まぁ嫌でも逃げようがないし、元の引き籠もり部屋にも帰れないからそうならざるを得なかっただけっていうのもあるけどね。
「そうしたいのは山々なんだけど……」
ミレーユさんの歯切れが悪いし苦笑いをしている。やっぱまだ僕たちには無理なんだろうか。
「まーだ私たちの功績が認められないって言うんですの!?」
カウンターをぺちぺち叩くラティ。ひょっとすると力の加減をするのが大変なのかも、とか思ってしまった。実のところ僕は最初の頃、この世界に来て能力が上がってるのを忘れて仕事中物を壊したり何回かしてしまった。お給金から引いてもらって収めてもらったけど、ラティはそう言うの無かったし。
「逆なのよね……貴方たち一生懸命しっかり愚直にやりすぎたのよ……」
「はぁ!?」
ラティ目を丸くし口を大きく開けて絶叫する。確かに言いたいのは分かるわ。どういう話なんだろう。

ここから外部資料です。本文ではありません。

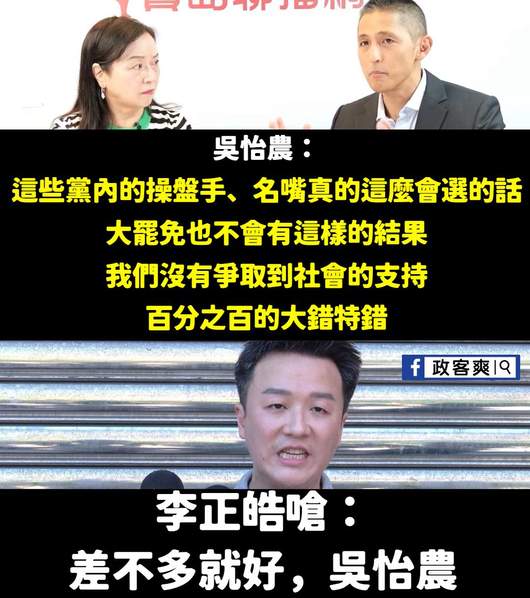 綠營內戰,吳怡農覺得民進黨大罷免大錯特錯、黨內操盤手跟名嘴都很廢。 結果慘遭李正皓怒嗆「差不多就好」。 說實話32:…

「要するに、貴方たちに関してはその仕事振りが人気で、その……依頼主から固定で依頼が来てるのよ。ここで問題を起こしたって聞いてたのに全然違うって。それでその……前にこれらの案件を受けてた冒険者たちが……」
あぁ……と言いながら額に手の甲を当てよろめくラティ。どんだけここは魔境だったのか……。
「えーっと僕は違いますよね? ラティが一生懸命やっててくれたの補助しただけだし失敗も多かったし」
「貴方達二人なのよ。貴方は文句も言わず黙々と彼女の補佐をして失敗しても素直に申告し賠償を申し出るし、見た目と全然違うって」
うーんよく分からないやはりここは魔境だったらしい。そんな行動で高評価とか異世界に来ると戦闘だけじゃなくこういう基準もまるで違うんだなぁ。

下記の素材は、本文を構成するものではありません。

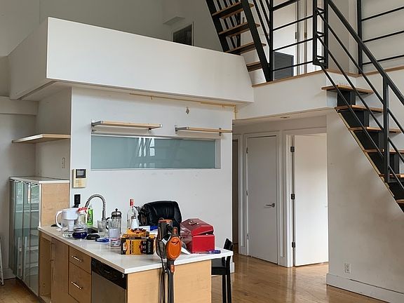 Rare bi-level 3 bedroom loft style penthouse with 18' ceilings and insane Manhattan views! 2 bedrooms on the main level: One with private balcony. Upper floor bedroom has en-suite bath. Direct access to private area of the roof. Make your own garden oasis. Apartment features central air/ heat, dishwasher, washer/dryer hookups. Close to the Graham Ave L train and great shopping, parks, and restaurants and all that Williamsburg has to offer. Better pics coming when work is complete. Contact me for videos or an in-person showing asap.

「何をお兄様は自分一人だけ抜けようとしてますの!?」
目を見開いて顔を近付けられて凄まれる。
「いや僕は元の世界じゃ無職の引き籠もりだったしさ、そんな高評価される仕事した覚えが無いし。何より心の中では最初愚痴ってたんだからさ」
「それは私も同じですわ! 現にこうして怒りを露にしていますもの!」
ラティの方がより素直なのかもしれないなぁと思う。僕は昔から何考えているか分からないって言われてきたし。
「何にしても相手のある仕事で二人は高評価を得て人気が出てきてるのよ。モンスター退治よりもこっちの依頼を先にって」
「……私たちの使命はどうなりますの……?」
わざとらしくすすり泣く。苦笑いする僕とミレーユさん。
「お兄様、後で殴ります」
カウンターに突っ伏して泣きつつ、僕をチラリと見てそう吐き捨てるとまた泣き始める。
「ミ、ミレーユさん……」
「分かったわ。仕方ないから依頼は探すけど、基本はいつもの仕事を請けて頂戴ね。ずっとじゃないものもあるし、御給金も上乗せするから」
「仕方ないってなんですの!? でもやりましたわねお兄様!」
この妹、現金である。出来ればその勢いで僕を殴らないで欲しい。